**WHAT YOU WILL DO:** Without any images, write the listing below out word for word.

**DATA:**
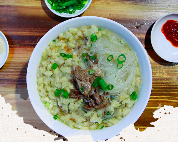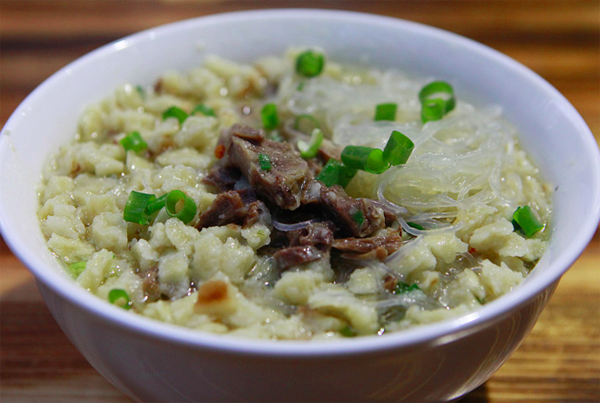 饃掰好后,請伙計呈給掌勺大廚,加羊肉湯大火快煮,加牛羊肉、粉絲、蔥花、蒜苗、香菜,優(yōu)質(zhì)的還有木耳、黃花菜和香干等即可端上來吃了。這樣一大碗自己親手掰好的泡饃,翠綠的蔥花、蒜苗、香菜、紅褐色的牛羊肉、黃色的金針菜、映襯著潔白晶瑩的粉絲、黝黑的木耳、香味四溢,。還應注意的是:端上來的泡饃應是泡饃墊底,粉絲覆成網(wǎng)形,佐以蔥花、香菜、牛羊肉擺成魚形在最上面,吃時左手拿勺,右手執(zhí)筷。泡饃上桌后,把辣子醬鋪在上面,切忌攪動,講究從一邊“蠶食”,以保持鮮味。糖蒜用否,個人自愿。餐后飲用一小碗原汁烹制而成的高湯,以為清口。
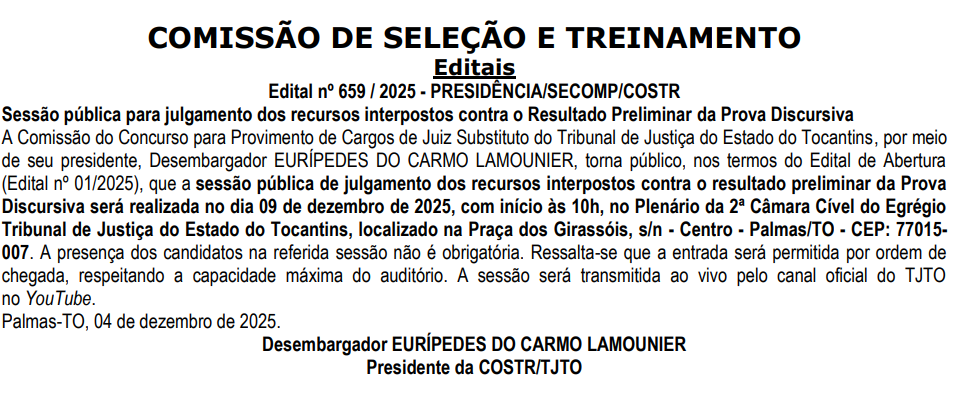 A presença dos candidatos não é obrigatória e a entrada será permitida por ordem de chegada, respeitando a capacidade do auditório. Para quem não puder comparecer, a sessão será transmitida ao vivo pelo canal oficial do TJTO no YouTube.
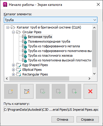 С помощью диалогового окна можно выбрать для работы каталог труб или каталог колодцев и просмотреть категории внутри выбранного каталога.
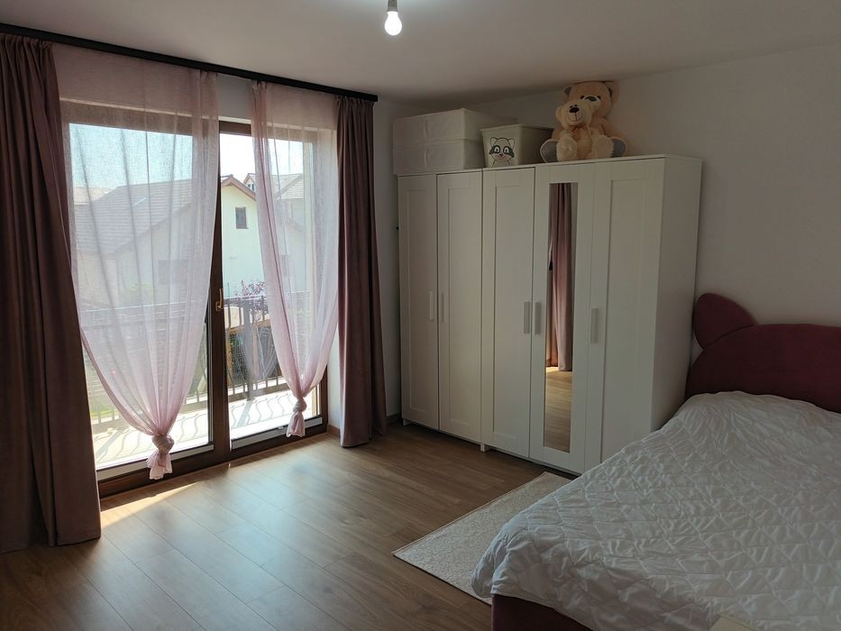 Proprietar vand casa in cartierul Izvor, la doar 3 km de centura Brașovului - o zonă liniștită, dar aproape de oraș E o casă construită cu grijă și gândită pentru confort, finalizată în 2024, așa că totul este nou și pregătit pentru o familie care vrea să se mute fără bătăi de cap. Casa are 125 mp utili (plus terasă invhisa si una deschisa și 2 balcoane), pe un teren de 500 mp, cu orientare est-sud-vest - adică lumină frumoasă toată ziua. La parter sunt: un living generos (26 mp), o bucătărie mare (20 mp) mobilata cămară, baie și un dormitor de 10 mp - perfect ca birou, cameră de oaspeți sau pentru cineva care nu vrea scări. La etaj sunt 3 dormitoare (14.5, 15 și 17 mp), două băi și două balcoane. Avem încălzire în pardoseală pe ambele nivele, cu distribuitor separat, geamuri cu 6 camere și 3 foi de sticlă, izolație exterioară cu polistiren, iar casa e racordată la toate utilitățile (apă, gaz, curent, internet și fosă septică). Curtea este amenajată cu gazon rulou, plante decorative, sistem de irigare automatizat, robot de tins,pavaj și loc de parcare pentru 3 mașini. Avem și poartă auto culisantă. Zona verde liberă are aproximativ 300 mp, perfectă pentru grădinărit sau joacă. La 100 m ai magazin și stație de autobuz. Dacă îți dorești o casă gata de locuit, într-o zonă liniștită dar aproape de oraș, poate fi exact ce cauți.

**ANSWER:**
 饃掰好后,請伙計呈給掌勺大廚,加羊肉湯大火快煮,加牛羊肉、粉絲、蔥花、蒜苗、香菜,優(yōu)質(zhì)的還有木耳、黃花菜和香干等即可端上來吃了。這樣一大碗自己親手掰好的泡饃,翠綠的蔥花、蒜苗、香菜、紅褐色的牛羊肉、黃色的金針菜、映襯著潔白晶瑩的粉絲、黝黑的木耳、香味四溢,。還應注意的是:端上來的泡饃應是泡饃墊底,粉絲覆成網(wǎng)形,佐以蔥花、香菜、牛羊肉擺成魚形在最上面,吃時左手拿勺,右手執(zhí)筷。泡饃上桌后,把辣子醬鋪在上面,切忌攪動,講究從一邊“蠶食”,以保持鮮味。糖蒜用否,個人自愿。餐后飲用一小碗原汁烹制而成的高湯,以為清口。
 A presença dos candidatos não é obrigatória e a entrada será permitida por ordem de chegada, respeitando a capacidade do auditório. Para quem não puder comparecer, a sessão será transmitida ao vivo pelo canal oficial do TJTO no YouTube.
 С помощью диалогового окна можно выбрать для работы каталог труб или каталог колодцев и просмотреть категории внутри выбранного каталога.
 Proprietar vand casa in cartierul Izvor, la doar 3 km de centura Brașovului - o zonă liniștită, dar aproape de oraș E o casă construită cu grijă și gândită pentru confort, finalizată în 2024, așa că totul este nou și pregătit pentru o familie care vrea să se mute fără bătăi de cap. Casa are 125 mp utili (plus terasă invhisa si una deschisa și 2 balcoane), pe un teren de 500 mp, cu orientare est-sud-vest - adică lumină frumoasă toată ziua. La parter sunt: un living generos (26 mp), o bucătărie mare (20 mp) mobilata cămară, baie și un dormitor de 10 mp - perfect ca birou, cameră de oaspeți sau pentru cineva care nu vrea scări. La etaj sunt 3 dormitoare (14.5, 15 și 17 mp), două băi și două balcoane. Avem încălzire în pardoseală pe ambele nivele, cu distribuitor separat, geamuri cu 6 camere și 3 foi de sticlă, izolație exterioară cu polistiren, iar casa e racordată la toate utilitățile (apă, gaz, curent, internet și fosă septică). Curtea este amenajată cu gazon rulou, plante decorative, sistem de irigare automatizat, robot de tins,pavaj și loc de parcare pentru 3 mașini. Avem și poartă auto culisantă. Zona verde liberă are aproximativ 300 mp, perfectă pentru grădinărit sau joacă. La 100 m ai magazin și stație de autobuz. Dacă îți dorești o casă gata de locuit, într-o zonă liniștită dar aproape de oraș, poate fi exact ce cauți.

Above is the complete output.